§ **Data records**:
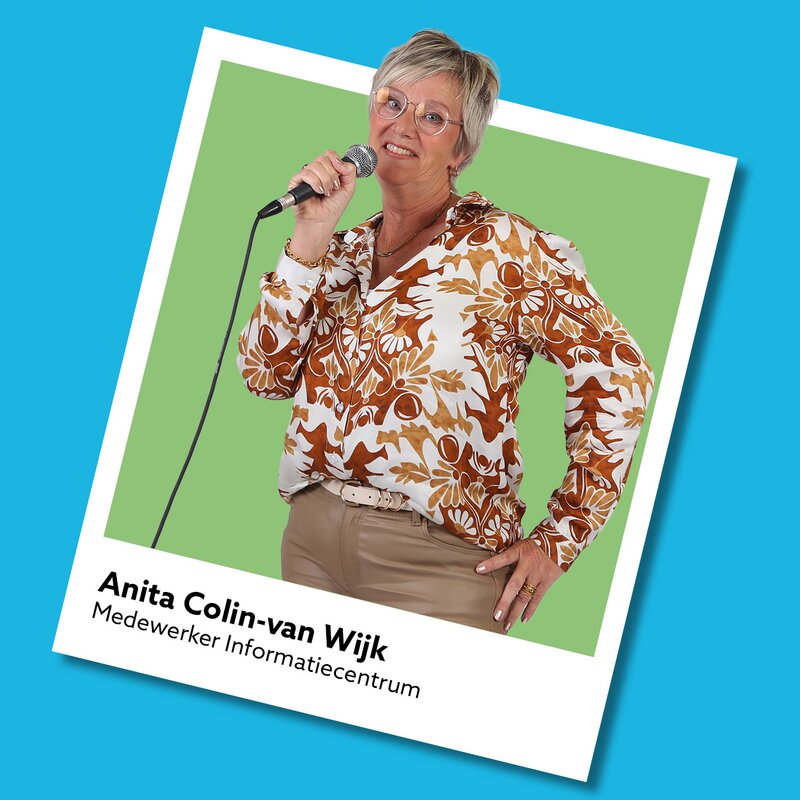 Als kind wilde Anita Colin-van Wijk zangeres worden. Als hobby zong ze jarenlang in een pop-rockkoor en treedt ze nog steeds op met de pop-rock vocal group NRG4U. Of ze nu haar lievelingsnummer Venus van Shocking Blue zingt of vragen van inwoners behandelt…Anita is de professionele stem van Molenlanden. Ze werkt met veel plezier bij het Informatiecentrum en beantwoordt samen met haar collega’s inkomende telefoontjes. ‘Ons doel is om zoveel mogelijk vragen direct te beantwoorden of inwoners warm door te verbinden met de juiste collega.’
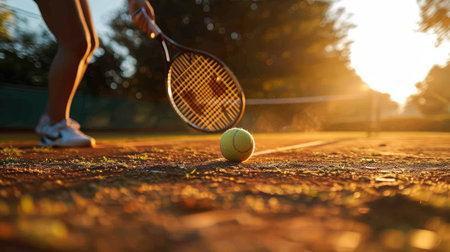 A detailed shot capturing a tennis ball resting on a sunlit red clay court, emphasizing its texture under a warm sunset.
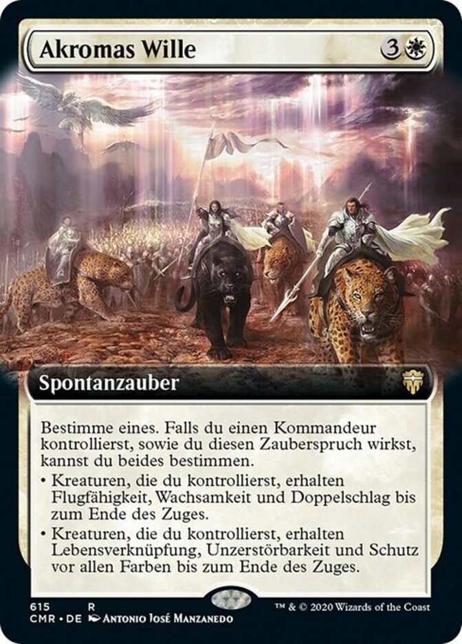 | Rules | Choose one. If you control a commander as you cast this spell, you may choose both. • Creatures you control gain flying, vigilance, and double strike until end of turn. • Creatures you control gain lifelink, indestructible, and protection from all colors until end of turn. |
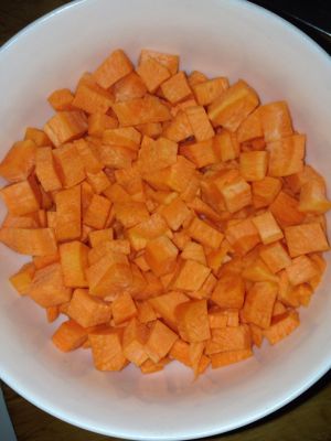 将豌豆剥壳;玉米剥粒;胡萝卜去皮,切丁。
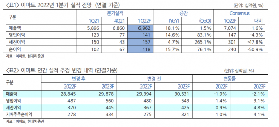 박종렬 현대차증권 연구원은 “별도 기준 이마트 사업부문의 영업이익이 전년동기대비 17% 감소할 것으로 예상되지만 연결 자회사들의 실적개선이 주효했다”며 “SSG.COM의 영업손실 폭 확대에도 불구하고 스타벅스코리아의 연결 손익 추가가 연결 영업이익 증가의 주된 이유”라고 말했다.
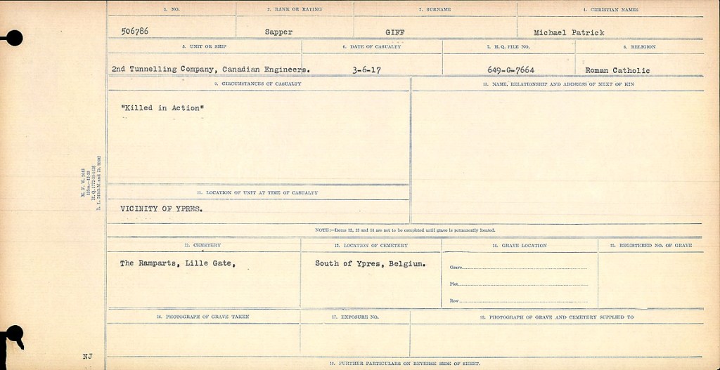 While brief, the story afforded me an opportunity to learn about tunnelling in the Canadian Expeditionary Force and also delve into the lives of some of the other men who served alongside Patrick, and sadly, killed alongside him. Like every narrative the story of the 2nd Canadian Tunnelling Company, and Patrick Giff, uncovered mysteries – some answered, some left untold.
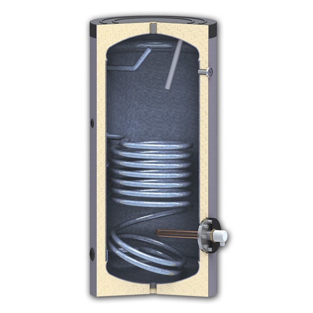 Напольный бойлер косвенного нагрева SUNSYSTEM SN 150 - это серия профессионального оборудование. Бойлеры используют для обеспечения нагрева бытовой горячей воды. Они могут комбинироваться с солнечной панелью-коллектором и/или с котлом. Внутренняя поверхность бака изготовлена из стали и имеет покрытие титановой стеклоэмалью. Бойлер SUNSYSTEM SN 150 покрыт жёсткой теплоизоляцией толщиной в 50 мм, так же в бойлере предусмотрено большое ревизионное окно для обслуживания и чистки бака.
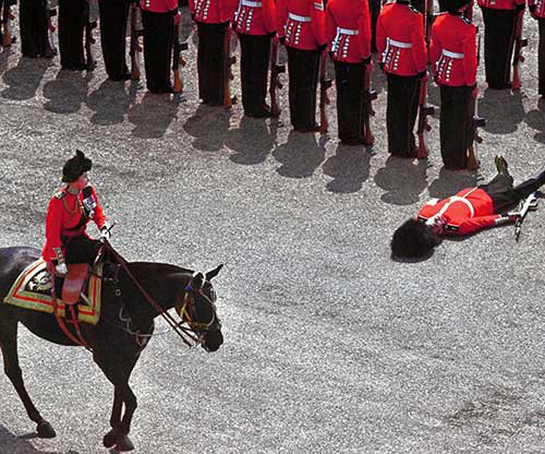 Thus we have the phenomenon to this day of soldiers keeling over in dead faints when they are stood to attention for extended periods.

§ **The task**: Look above and copy only the lines from the one holding "A detailed shot" to the one holding "将豌豆剥壳;玉米剥粒;胡萝卜去皮,切丁。", both included, exactly, minus the pictures.

§ **Exercise response**:
 A detailed shot capturing a tennis ball resting on a sunlit red clay court, emphasizing its texture under a warm sunset.
 | Rules | Choose one. If you control a commander as you cast this spell, you may choose both. • Creatures you control gain flying, vigilance, and double strike until end of turn. • Creatures you control gain lifelink, indestructible, and protection from all colors until end of turn. |
 将豌豆剥壳;玉米剥粒;胡萝卜去皮,切丁。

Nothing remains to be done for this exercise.